The more diffuse higher liver peaks were 0.06, 0.07, 0.08 and 0.1 of normalized frequency respectively(wavespeeds 1 and 1.2 m/s). In all cases the low-regime peak remained between $$$\omega_{0} = 0.01$$$ and $$$\omega_{0} = 0.02$$$, which corresponded to a wavespeed of $$$\approx$$$6.7 m/s.
[1] Manduca, A., Oliphant, T.E., Dresner, M.A., Mahowald, J.L., Kruse, S.A., Amromin, E., Felmlee, J.P., Greenleaf, J.F. and Ehman, R.L., 2001. Magnetic resonance elastography: non-invasive mapping of tissue elasticity. Medical image analysis, 5(4), pp.237-254.
[2] Berryman, J.G., 1980. Confirmation of Biot’s theory. Applied Physics Letters, 37(4), pp.382-384.
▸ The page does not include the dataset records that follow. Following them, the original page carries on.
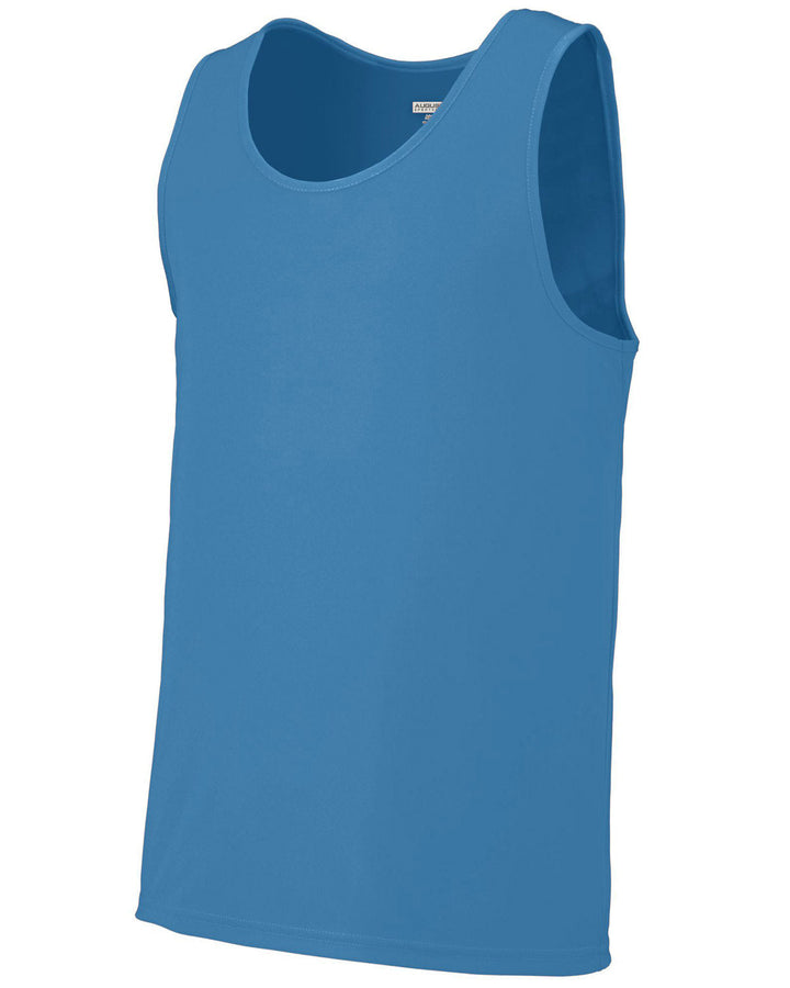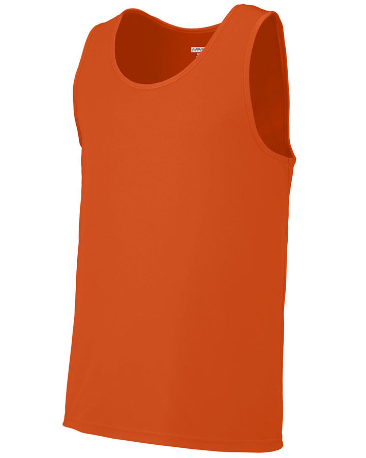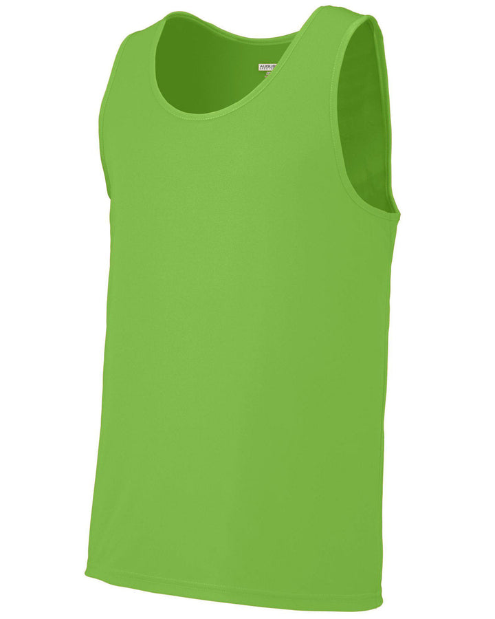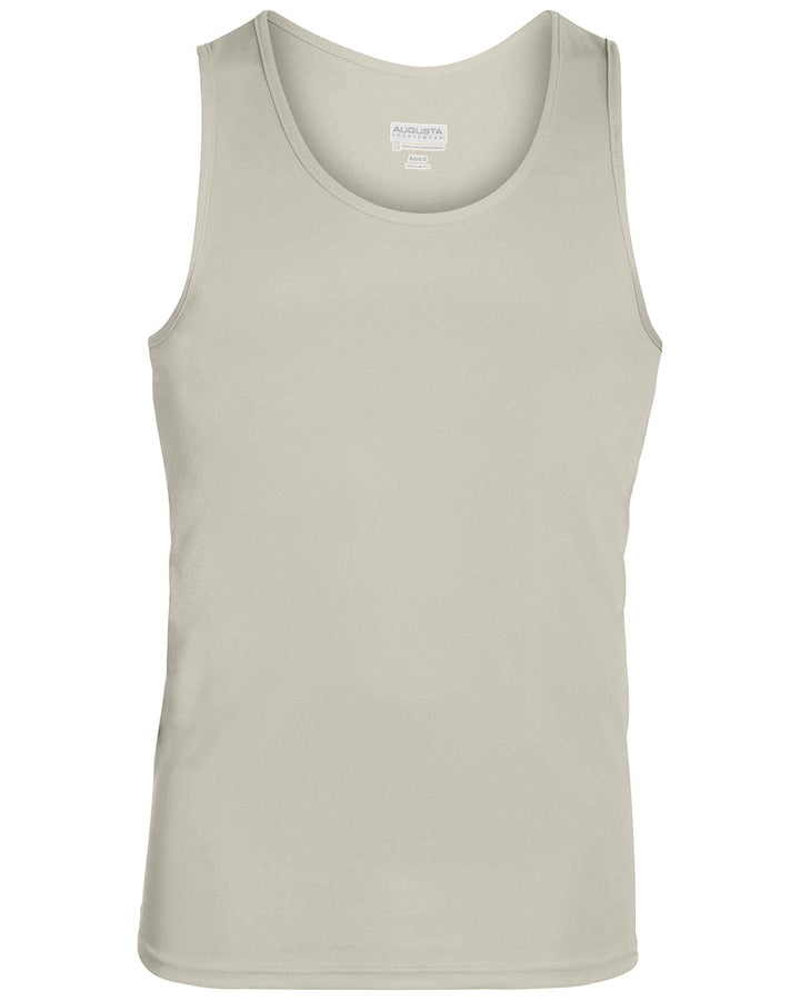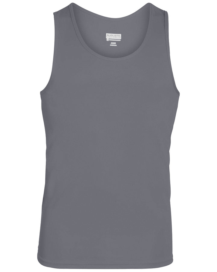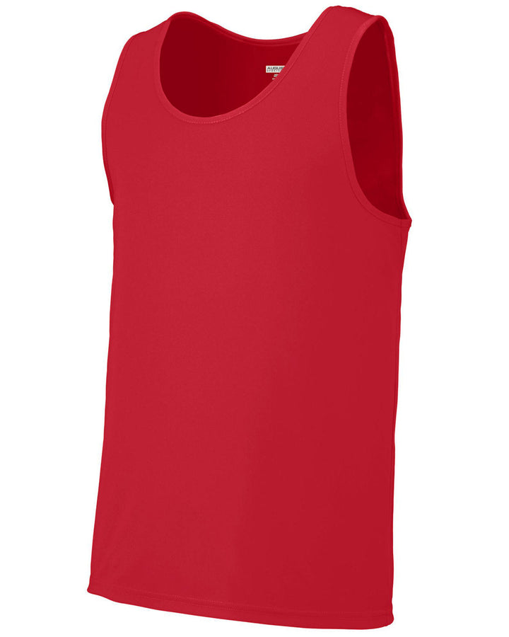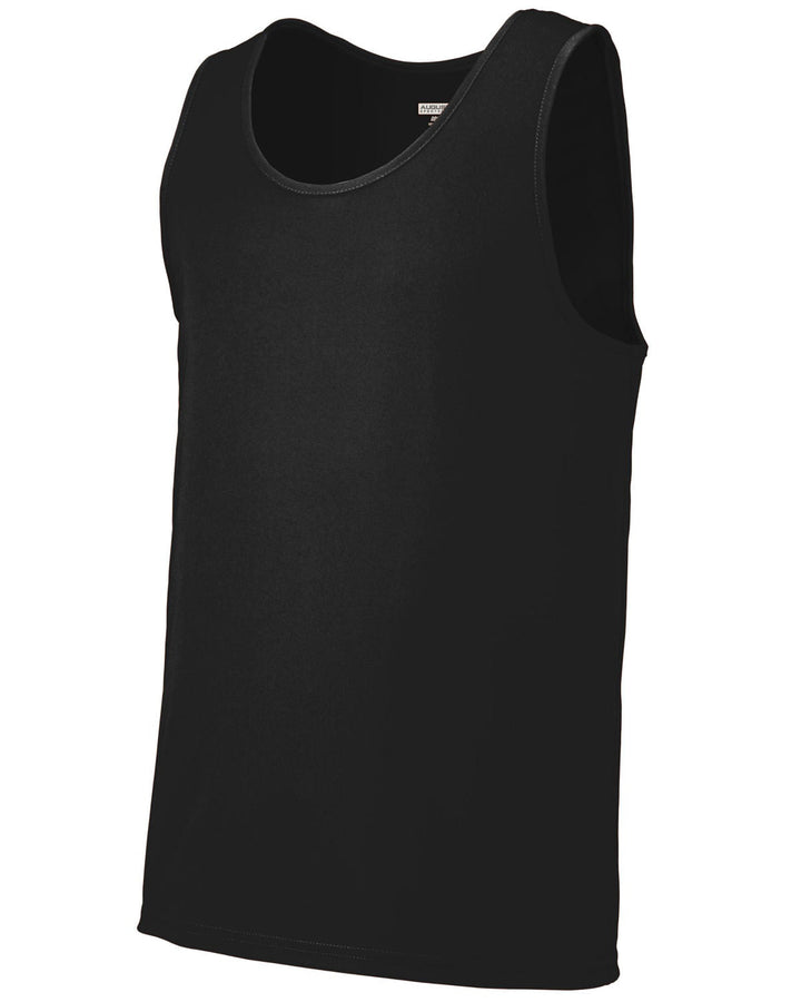 100% polyester wicking knit; Wicks moisture away from the body; Heat-seal label; Self-fabric binding at neck and armholes; Double-needle hemmed bottom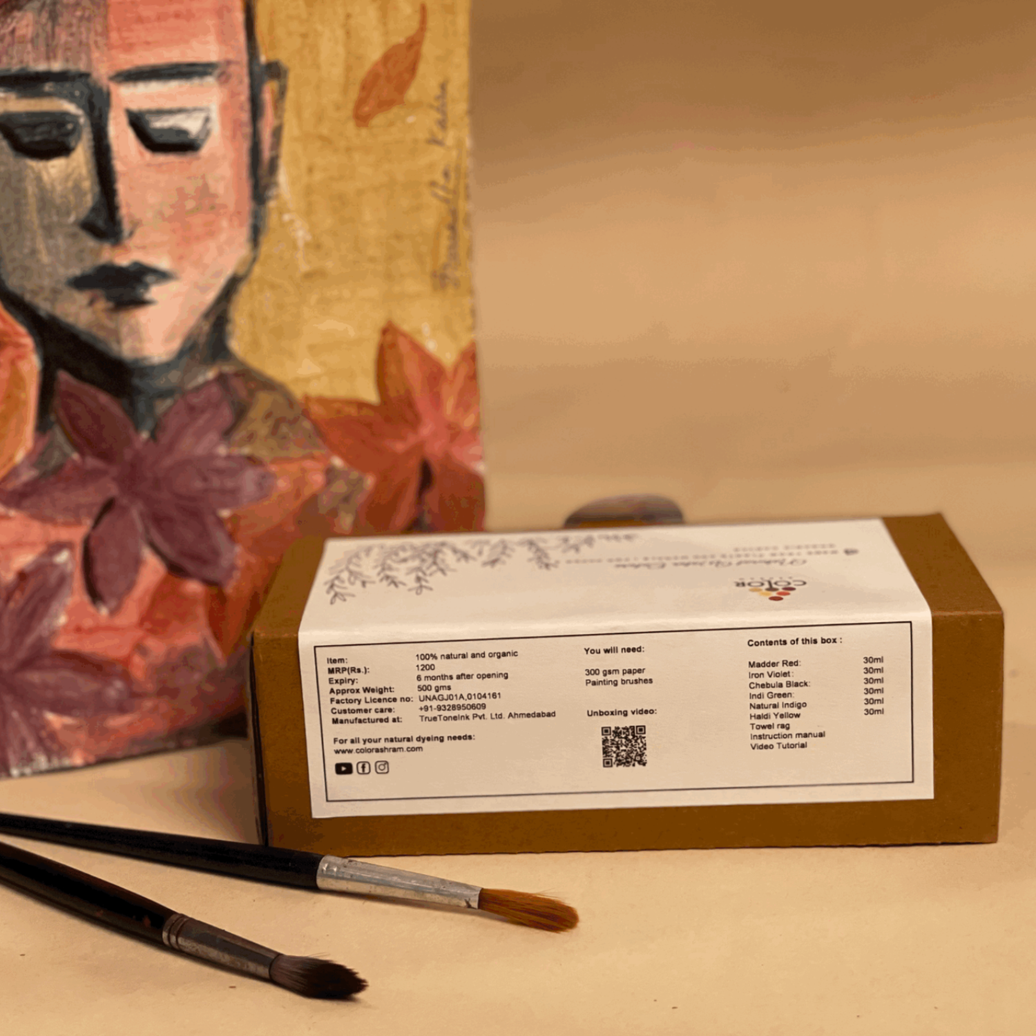 Ja! Das gibt es und dieses Set ist der perfekte Einstieg! Es ermöglicht dir, auf Aquarellpapier oder Leinwand mit unseren gebrauchsfertigen natürlichen Wasserfarben zu malen. Es umfasst sechs Farben à 30 ml (Madder Rot, Chebula Schwarz, Indi Grün, Indigo, Braun, Blau und Gelb) sowie ein Tuch, das dir den Start erleichtert.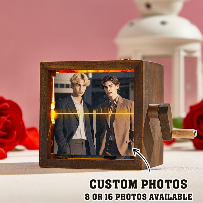 Op Maat Gemaakte Flipbook met handzwengel Mechanisch Met De Hand Aangedreven Fotoalbum Met Lichtzwarte Walnoot Baby-fotokubusframe Creatief Cadeau LGBT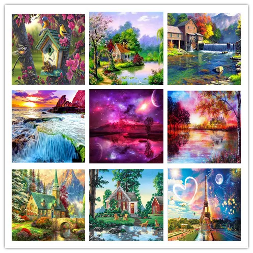 5D DIY алмазная живопись по номерам набор Мультяшные пейзажи хрустальные стразы Алмазная вышивка картины Вышивка крестом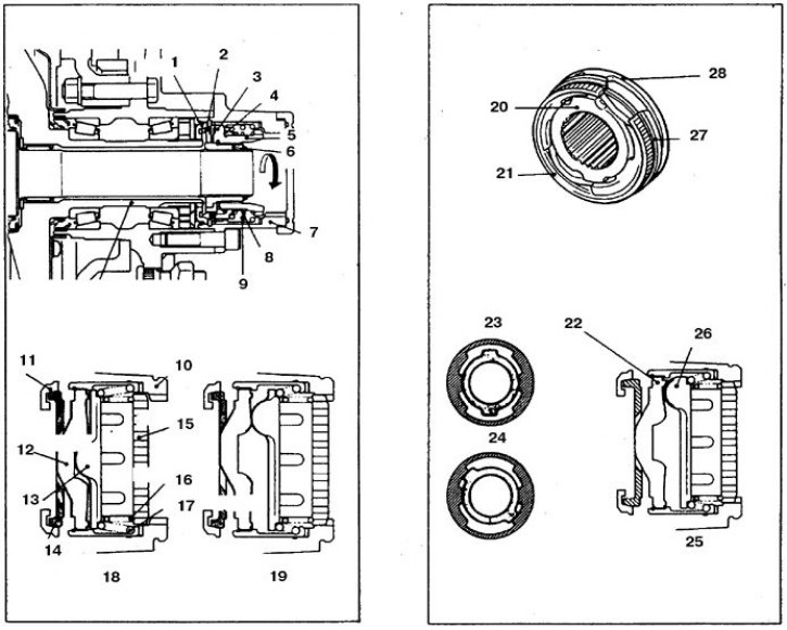 1, 11. Тормоз В; 2, 14, 21. Тормоз А; 3, 12,27. Упорное кольцо А; 4, 13, 26, 28. Кулачок; 5, 15. Передвижная шестерня; 6, 20. Ведущая шестерня; 7, 10. Корпус; 8, 16. Сдвиговая пружина; 9, 17. Возвратная пружина; 18, 23. Колесо разблокировано; 19, 24. Заблокировано; 22. Язычок упорного кольца А; 25. Кулачок в зацеплении с язычком упорного кольца

[3] Dai, Z., Peng, Y., Mansy, H.A., Sandler, R.H. and Royston, T.J., 2014. Comparison of poroviscoelastic models for sound and vibration in the lungs. Journal of vibration and acoustics, 136(5), p.050905.
[4] Jenkinson, M., 2003. Fast, automated, N‐dimensional phase‐unwrapping algorithm. Magnetic resonance in medicine, 49(1), pp.193-197.